**WHAT TO PRODUCE**
Quote all entries exactly, leaving pictures aside.

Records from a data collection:
▼
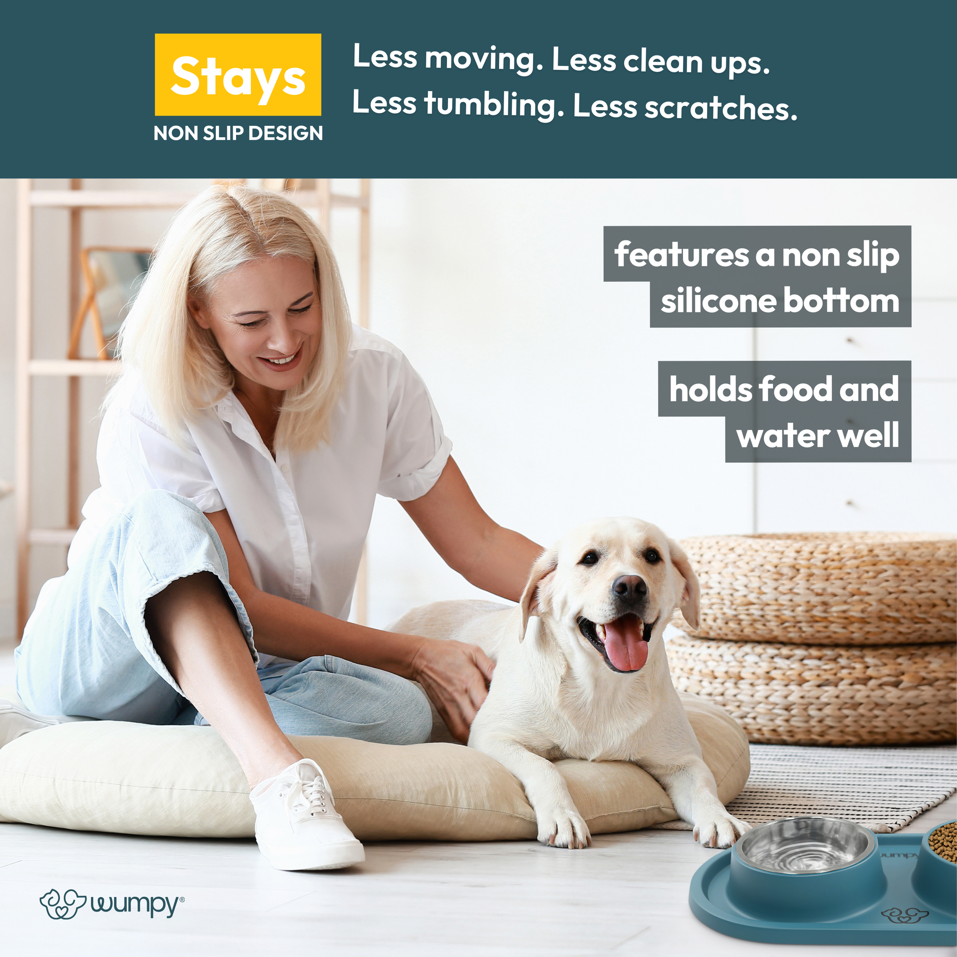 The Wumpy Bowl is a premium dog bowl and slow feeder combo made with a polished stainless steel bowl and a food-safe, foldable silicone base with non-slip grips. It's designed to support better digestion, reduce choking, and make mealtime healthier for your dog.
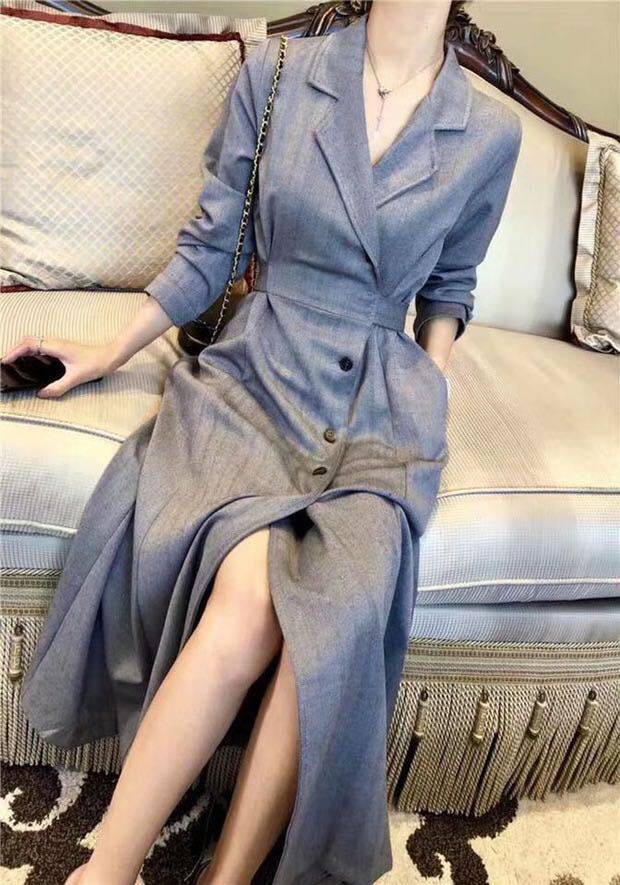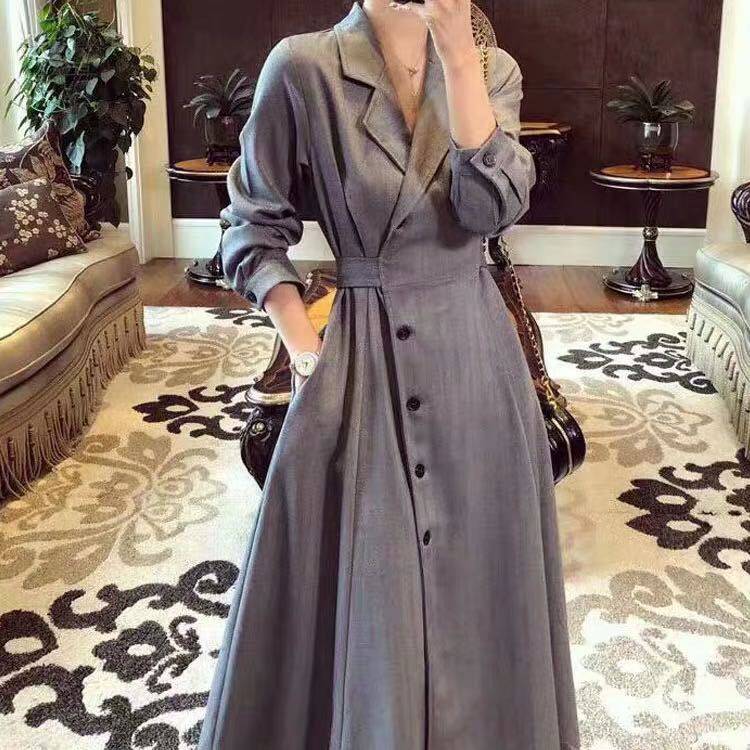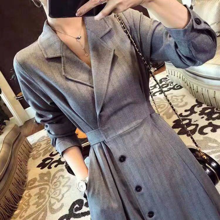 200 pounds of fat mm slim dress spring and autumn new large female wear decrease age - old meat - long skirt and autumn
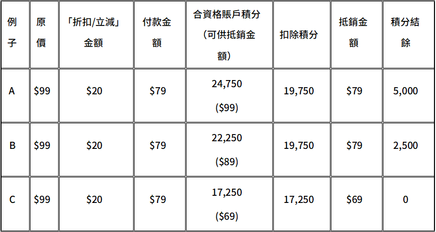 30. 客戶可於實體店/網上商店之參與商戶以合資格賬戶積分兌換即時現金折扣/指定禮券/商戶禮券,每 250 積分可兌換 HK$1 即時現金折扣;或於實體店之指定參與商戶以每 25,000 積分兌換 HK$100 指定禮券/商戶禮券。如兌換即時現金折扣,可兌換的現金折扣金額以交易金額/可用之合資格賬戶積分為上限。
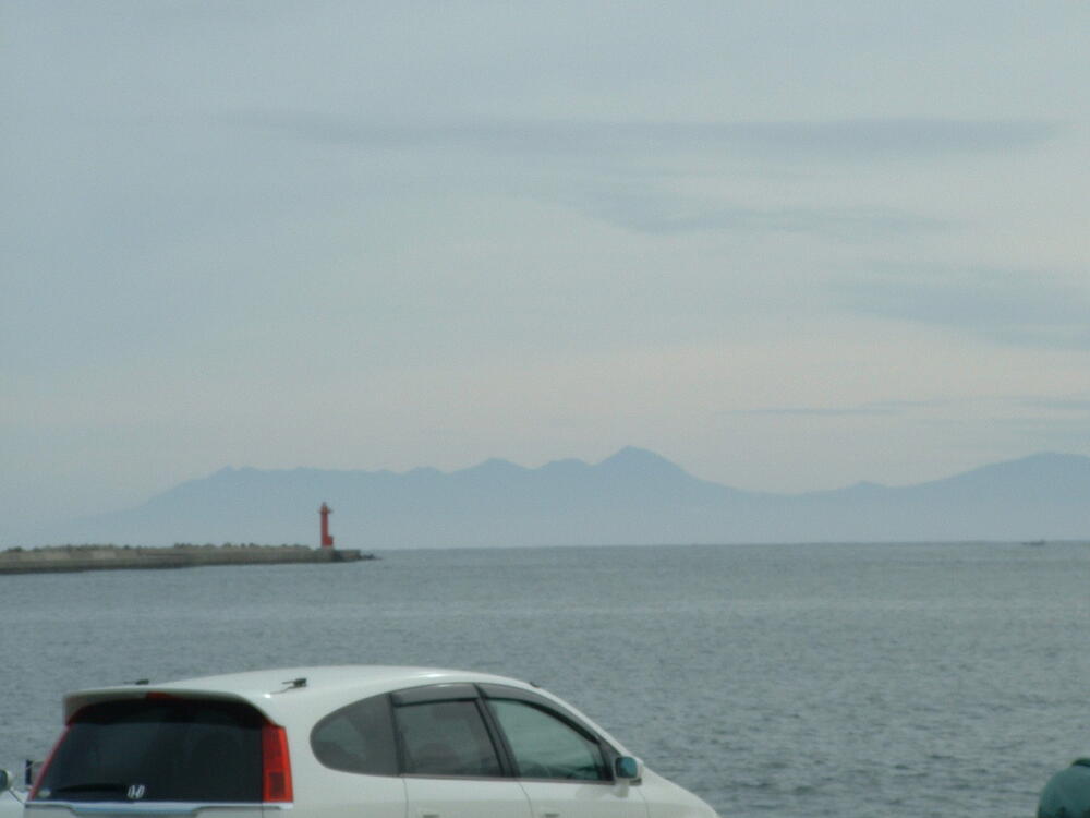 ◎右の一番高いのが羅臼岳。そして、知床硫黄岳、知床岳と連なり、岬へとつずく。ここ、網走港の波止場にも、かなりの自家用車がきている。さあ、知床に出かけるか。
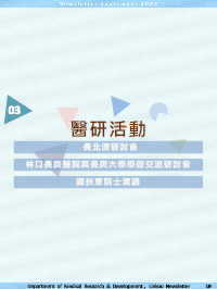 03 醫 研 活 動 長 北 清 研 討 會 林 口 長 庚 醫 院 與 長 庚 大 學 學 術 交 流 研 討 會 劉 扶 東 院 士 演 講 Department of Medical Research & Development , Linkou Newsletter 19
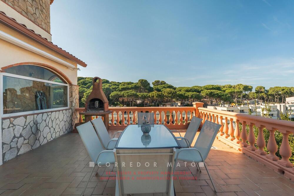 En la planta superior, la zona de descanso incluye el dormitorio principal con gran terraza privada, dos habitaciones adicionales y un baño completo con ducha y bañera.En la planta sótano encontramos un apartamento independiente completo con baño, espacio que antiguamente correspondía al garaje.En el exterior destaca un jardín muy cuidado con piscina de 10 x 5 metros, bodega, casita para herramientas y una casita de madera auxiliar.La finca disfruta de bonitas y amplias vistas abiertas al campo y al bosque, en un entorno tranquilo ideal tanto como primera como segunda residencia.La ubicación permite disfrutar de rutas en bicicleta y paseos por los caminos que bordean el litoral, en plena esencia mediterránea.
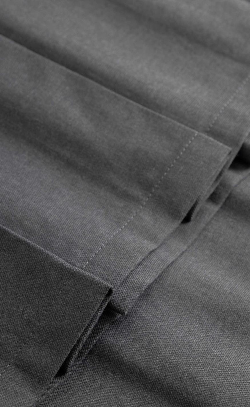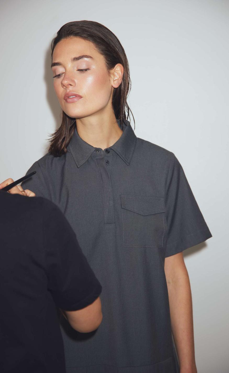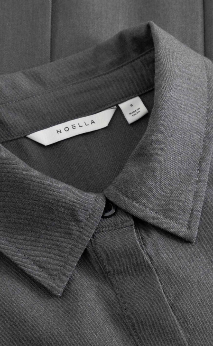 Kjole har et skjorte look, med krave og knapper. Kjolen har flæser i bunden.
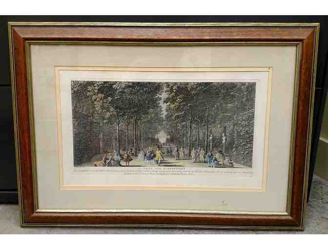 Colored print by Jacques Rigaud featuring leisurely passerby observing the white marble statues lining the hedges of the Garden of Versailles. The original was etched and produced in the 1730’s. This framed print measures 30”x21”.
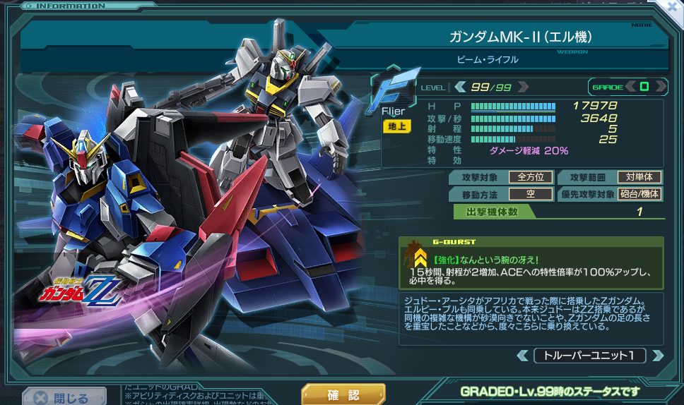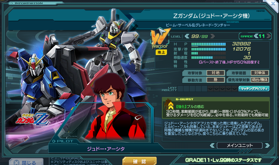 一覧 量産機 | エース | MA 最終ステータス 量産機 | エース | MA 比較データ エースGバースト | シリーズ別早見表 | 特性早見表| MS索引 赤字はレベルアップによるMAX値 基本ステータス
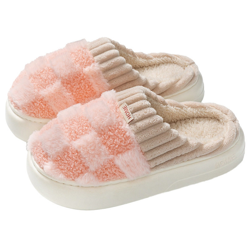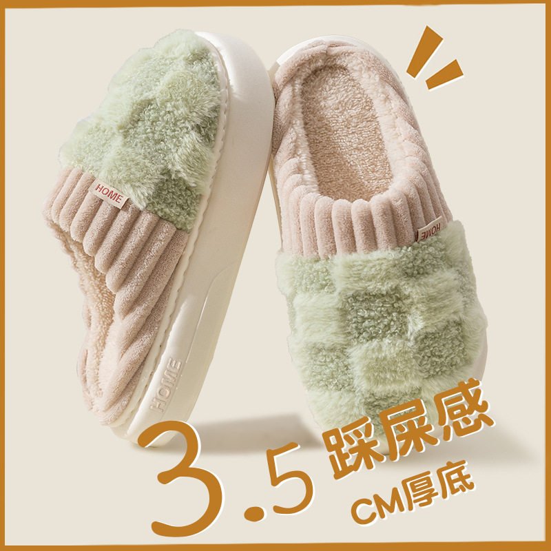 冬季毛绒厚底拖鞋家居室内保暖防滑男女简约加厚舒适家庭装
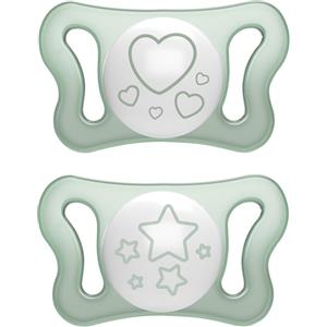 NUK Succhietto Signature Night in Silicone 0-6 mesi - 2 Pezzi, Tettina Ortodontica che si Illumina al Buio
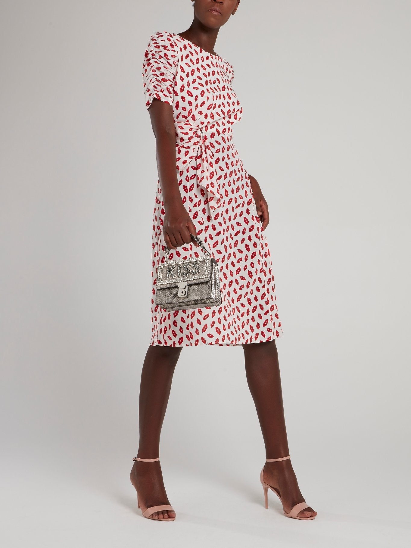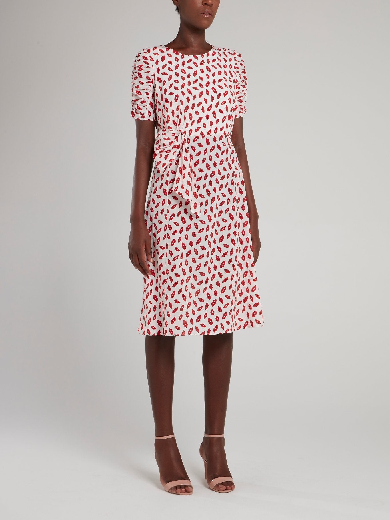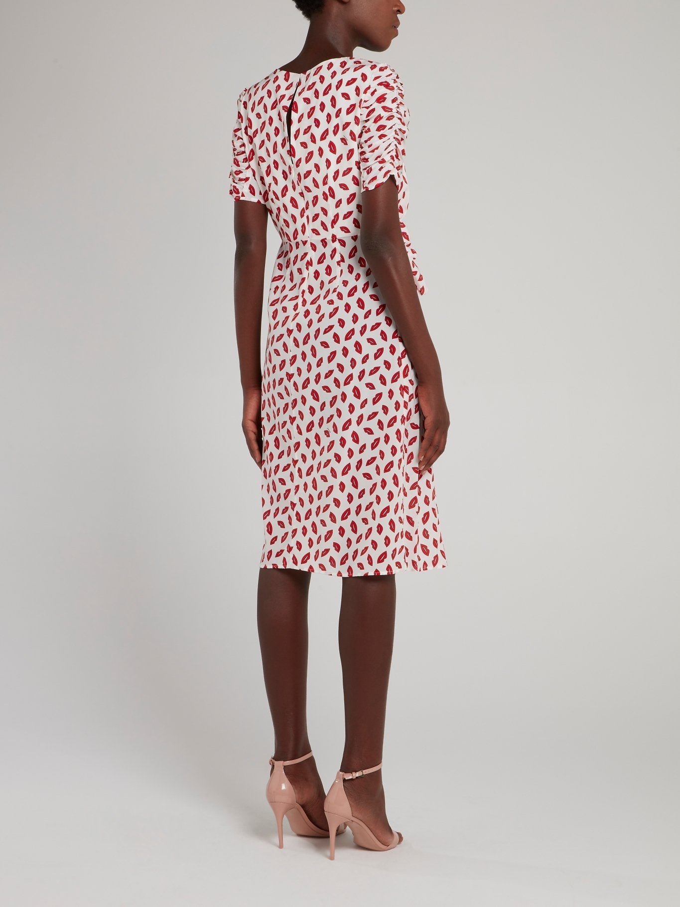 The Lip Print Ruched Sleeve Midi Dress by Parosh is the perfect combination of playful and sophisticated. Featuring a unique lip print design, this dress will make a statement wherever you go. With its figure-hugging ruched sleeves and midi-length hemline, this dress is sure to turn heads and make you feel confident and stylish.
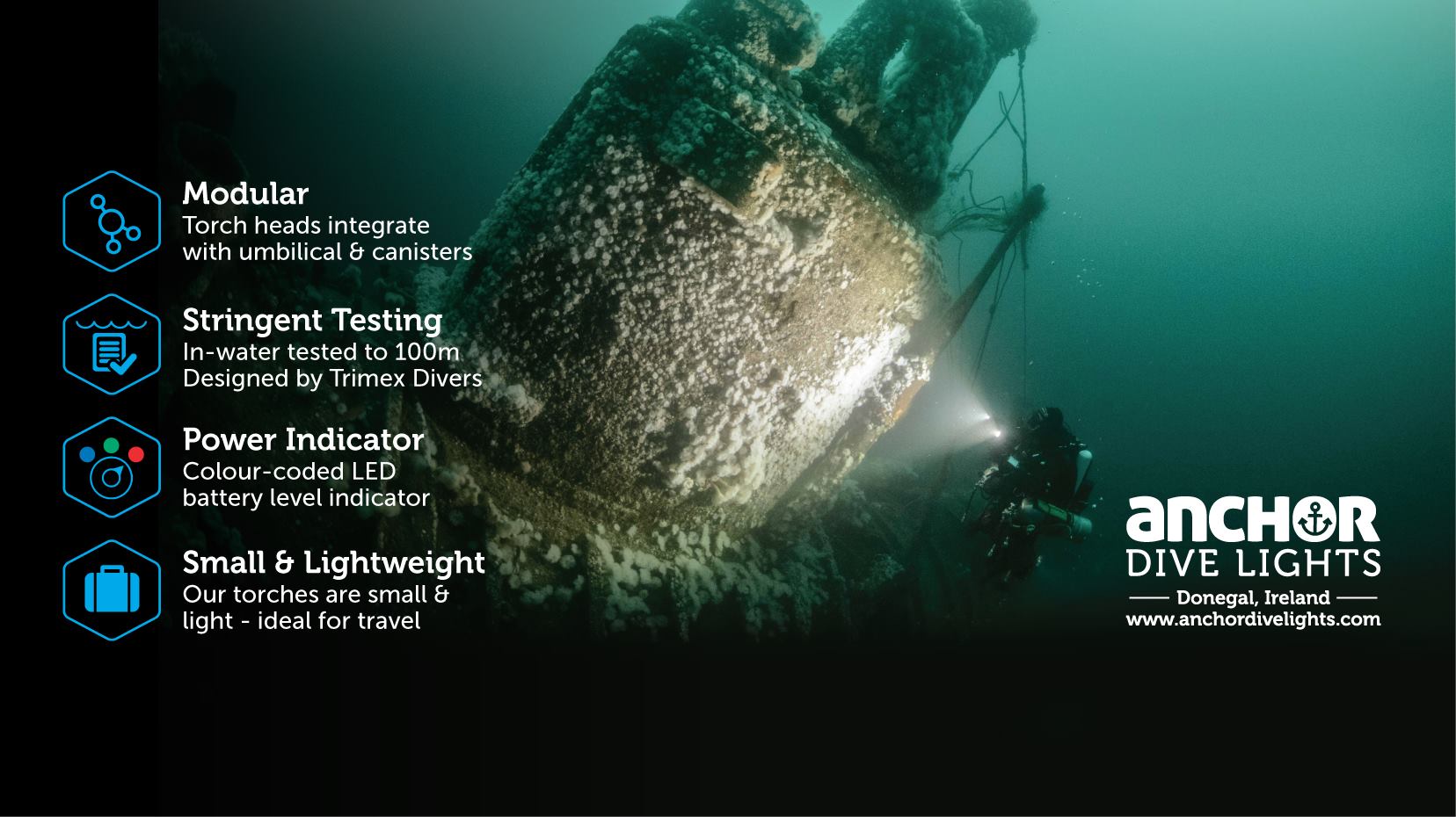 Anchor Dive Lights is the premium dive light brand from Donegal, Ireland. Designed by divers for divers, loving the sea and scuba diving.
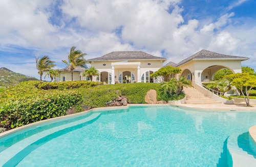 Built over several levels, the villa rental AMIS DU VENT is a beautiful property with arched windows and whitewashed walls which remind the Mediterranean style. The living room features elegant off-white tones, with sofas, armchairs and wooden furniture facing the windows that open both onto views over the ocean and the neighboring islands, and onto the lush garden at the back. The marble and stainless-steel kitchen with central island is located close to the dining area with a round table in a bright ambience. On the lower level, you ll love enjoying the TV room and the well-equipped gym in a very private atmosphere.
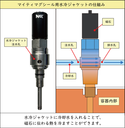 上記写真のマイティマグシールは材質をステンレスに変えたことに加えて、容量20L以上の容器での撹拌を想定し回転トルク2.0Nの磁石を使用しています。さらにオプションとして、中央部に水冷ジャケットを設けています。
▲
**TASK SOLUTION**
 The Wumpy Bowl is a premium dog bowl and slow feeder combo made with a polished stainless steel bowl and a food-safe, foldable silicone base with non-slip grips. It's designed to support better digestion, reduce choking, and make mealtime healthier for your dog.
 200 pounds of fat mm slim dress spring and autumn new large female wear decrease age - old meat - long skirt and autumn
 30. 客戶可於實體店/網上商店之參與商戶以合資格賬戶積分兌換即時現金折扣/指定禮券/商戶禮券,每 250 積分可兌換 HK$1 即時現金折扣;或於實體店之指定參與商戶以每 25,000 積分兌換 HK$100 指定禮券/商戶禮券。如兌換即時現金折扣,可兌換的現金折扣金額以交易金額/可用之合資格賬戶積分為上限。
 ◎右の一番高いのが羅臼岳。そして、知床硫黄岳、知床岳と連なり、岬へとつずく。ここ、網走港の波止場にも、かなりの自家用車がきている。さあ、知床に出かけるか。
 03 醫 研 活 動 長 北 清 研 討 會 林 口 長 庚 醫 院 與 長 庚 大 學 學 術 交 流 研 討 會 劉 扶 東 院 士 演 講 Department of Medical Research & Development , Linkou Newsletter 19
 En la planta superior, la zona de descanso incluye el dormitorio principal con gran terraza privada, dos habitaciones adicionales y un baño completo con ducha y bañera.En la planta sótano encontramos un apartamento independiente completo con baño, espacio que antiguamente correspondía al garaje.En el exterior destaca un jardín muy cuidado con piscina de 10 x 5 metros, bodega, casita para herramientas y una casita de madera auxiliar.La finca disfruta de bonitas y amplias vistas abiertas al campo y al bosque, en un entorno tranquilo ideal tanto como primera como segunda residencia.La ubicación permite disfrutar de rutas en bicicleta y paseos por los caminos que bordean el litoral, en plena esencia mediterránea.
 Kjole har et skjorte look, med krave og knapper. Kjolen har flæser i bunden.
 Colored print by Jacques Rigaud featuring leisurely passerby observing the white marble statues lining the hedges of the Garden of Versailles. The original was etched and produced in the 1730’s. This framed print measures 30”x21”.
 一覧 量産機 | エース | MA 最終ステータス 量産機 | エース | MA 比較データ エースGバースト | シリーズ別早見表 | 特性早見表| MS索引 赤字はレベルアップによるMAX値 基本ステータス
 冬季毛绒厚底拖鞋家居室内保暖防滑男女简约加厚舒适家庭装
 NUK Succhietto Signature Night in Silicone 0-6 mesi - 2 Pezzi, Tettina Ortodontica che si Illumina al Buio
 The Lip Print Ruched Sleeve Midi Dress by Parosh is the perfect combination of playful and sophisticated. Featuring a unique lip print design, this dress will make a statement wherever you go. With its figure-hugging ruched sleeves and midi-length hemline, this dress is sure to turn heads and make you feel confident and stylish.
 Anchor Dive Lights is the premium dive light brand from Donegal, Ireland. Designed by divers for divers, loving the sea and scuba diving.
 Built over several levels, the villa rental AMIS DU VENT is a beautiful property with arched windows and whitewashed walls which remind the Mediterranean style. The living room features elegant off-white tones, with sofas, armchairs and wooden furniture facing the windows that open both onto views over the ocean and the neighboring islands, and onto the lush garden at the back. The marble and stainless-steel kitchen with central island is located close to the dining area with a round table in a bright ambience. On the lower level, you ll love enjoying the TV room and the well-equipped gym in a very private atmosphere.
 上記写真のマイティマグシールは材質をステンレスに変えたことに加えて、容量20L以上の容器での撹拌を想定し回転トルク2.0Nの磁石を使用しています。さらにオプションとして、中央部に水冷ジャケットを設けています。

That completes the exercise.